I received a call last Friday from Nicole Catalano of Pacific Environment, an environmental nonprofit focusing on marine conservation. An endangered gray whale was headed for California, she told me, and I could follow its movements online. “We expect it to be in California either now, or any day now,” Catalano said.
“Flex,” as researchers have named him, is one of an estimated 120 western Pacific gray whales. The highly endangered species has fared much worse than the related eastern gray whale, which has an estimated population of around 20,000.
The whale was tagged last October as part of a research project geared toward offering the mammoth creatures better safeguards against extinction. “They were going to tag many of them,” Catalano explained, but so far, Flex is the only whale researchers have succeeded in making contact with.
The Marine Mammal Institute at Oregon State University has created a website, updated weekly, to track Flex’s transoceanic journey. So far, he’s gone from Russia, to the Bering Sea, to the Gulf of Alaska, to the coast of Oregon, to the coast of California.
Researchers have been suprised by his progress, and don’t know what to expect next. “Flex’s route may or may not be typical of what western gray whales do — there could be three or four other whales from the western population making this same trip, or Flex could take an entirely different route next year,” said Bruce Mate, director of the Marine Mammal Institute.

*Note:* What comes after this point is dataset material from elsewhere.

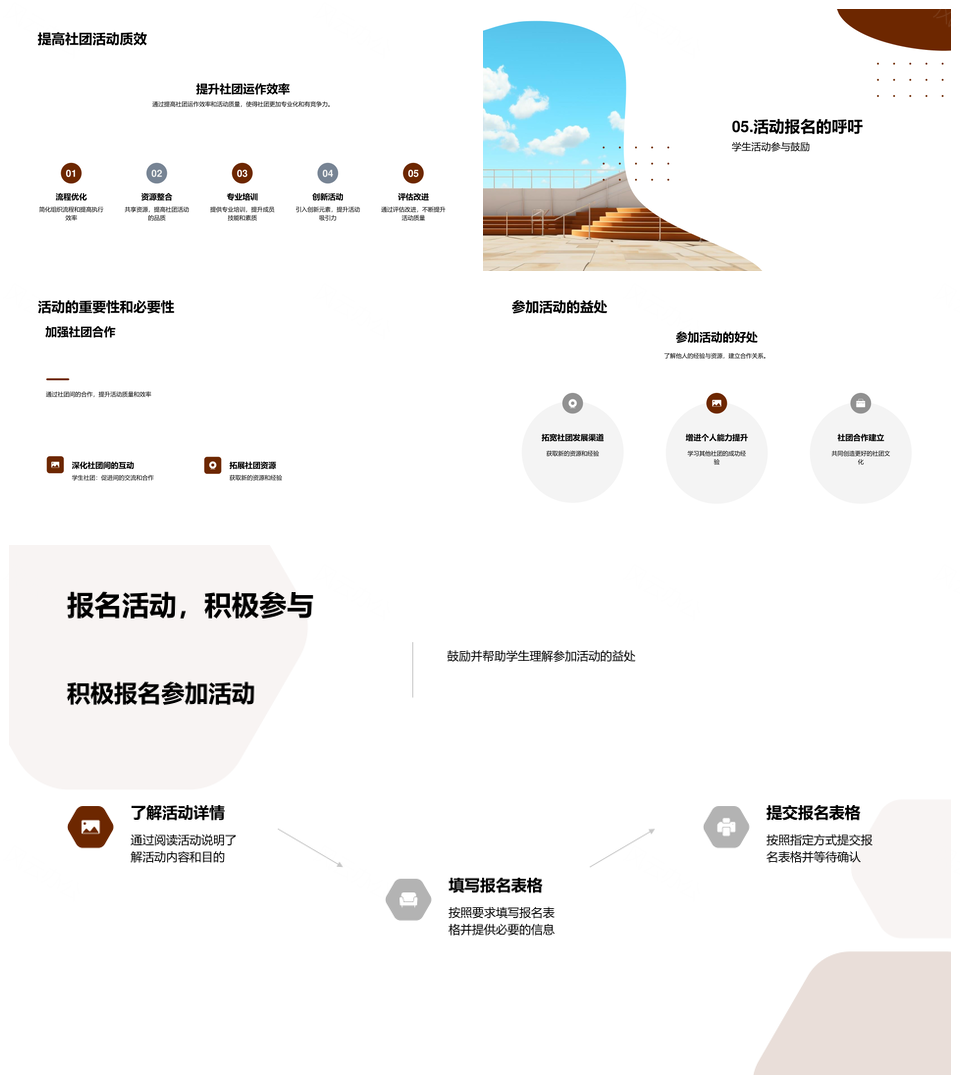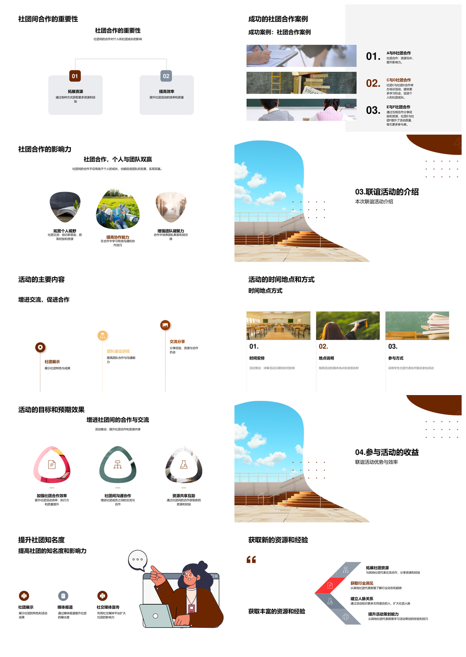 风云办公提供的大学社团联谊合作创价值促发展PPT模板,下载格式为pptx,一共23页,作品中文字及图均可以修改和编辑,图片更改请在作品中右键图片并更换,文字修改请直接点击文字进行修改。

The international environmental community’s interest in western Pacific gray whales stems in part from monitoring offshore oil and gas drilling near Russia, Catalano noted. Seismic testing for offshore development is known to impact marine mammals, and some of this activity is occurring nearby the whales’ feeding areas. In 2006, the Western Pacific Gray Whale Advisory Panel was convened by scientists to provide independent recommendations on how oil and gas companies can minimize risks to rare creatures.